Real-time Embedded Linux and POSIX RTOSs For Microcontrollers (MCUs)

Monday, July 23, 2007

gdb and multicore are mutually exclusive

I've spent the last few days looking at debugging technology for multicore chips with a view towards real-time embedded with volume applications. In this mix I'm including FPGA solutions which will soon offer the capability to have many cores on one chip, particularly given the Altera C to H compiler and NIOS as well as the offerings of their main competitor Xlinx.

My initial look for debugging solutions is clearly to have a debugger which supports many processors and has a simple user interface. After the last Multicore Expo it was clear that heterogeneous processors were necessary and that it was highly likely that collections of networked and shared memory processors would exist as part of a complex multicore processor.

First, I think the case where many cores are on a chip requires some hardware assist on the chip to support debugging. Multicore register access and a stop all cores capability will be added to most chips but this is largely unsuitable for many applications. Emulator people will be happy but real applications will have to run partially with some ability to control the rest of the application to support debugging. Emulator type solutions could do this but with a severe performance penalty that gets worse as the number of cores grow (using traditional approaches).

To do this type of debugging, a kernel must be running on the chip and there has to be some common debugger interface that talks to the system under test. The connection could be multiple or a single multiplexed connection - it makes little difference in most applications. The debugger on the other hand, must understand the processor type that it is debugging and talk to the common graphical user interface to provide debugging support across all the cores.

I was looking at gdb to solve some of these problems and it seems that it might do a half a job in the case where all the cores run some huge kernel, but it is completely unsuitable in the case where many independent cores running a small kernel are communicating to solve a problem.

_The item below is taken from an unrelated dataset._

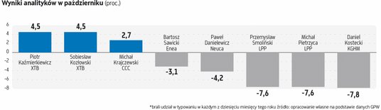 Pogorszenie kondycji krajowego rynku w ostatnich miesiącach odbija się na wynikach portfela technicznego „Parkietu”, choć średnia stopa zwrotu analityków w październiku była o 1,7 pkt proc. wyższa od osiągnięć indeksu szerokiego rynku. W ubiegłomiesięcznym zestawie spółek najbardziej błyszczało XTB, na które wówczas wskazało dwóch analityków. Wsparciem było też CCC. Największym rozczarowaniem zaś były akcje KGHM oraz LPP. Tę drugą firmę również wybrało przed miesiącem dwóch ekspertów analizy technicznej.

For a start, it is highly complex for absolutely no reason. The remedy debugger meets almost all criteria to do this with 10% of the bulk of gdb and far less complexity. What went wrong here? How did the debugger get so large and complex with no apparent value added? It is not that remedy is much less functional, as a matter of fact, it offers support for 8 processor types and the user can select any one of them for any core on the fly. Doing a port for a new processor is much simpler too - the disassembler is separate, the register understanding and memory/stack unravelling is done with a few simple routines which are easily understood and the symbol table info is relatively standard.

It would be great if someone could provide some insight to me and others on this issue. I don't relish porting remedy to a raft of new processors that gdb already supports but it seems like it will be less work and better functionality in the long run.

I should add here that this is for this specific case that gdb seems less than attractive. For the case of debugging a single core, it does the job. The downside is that it likely takes months to do a new processor type instead of a few weeks because of all the extra complexity.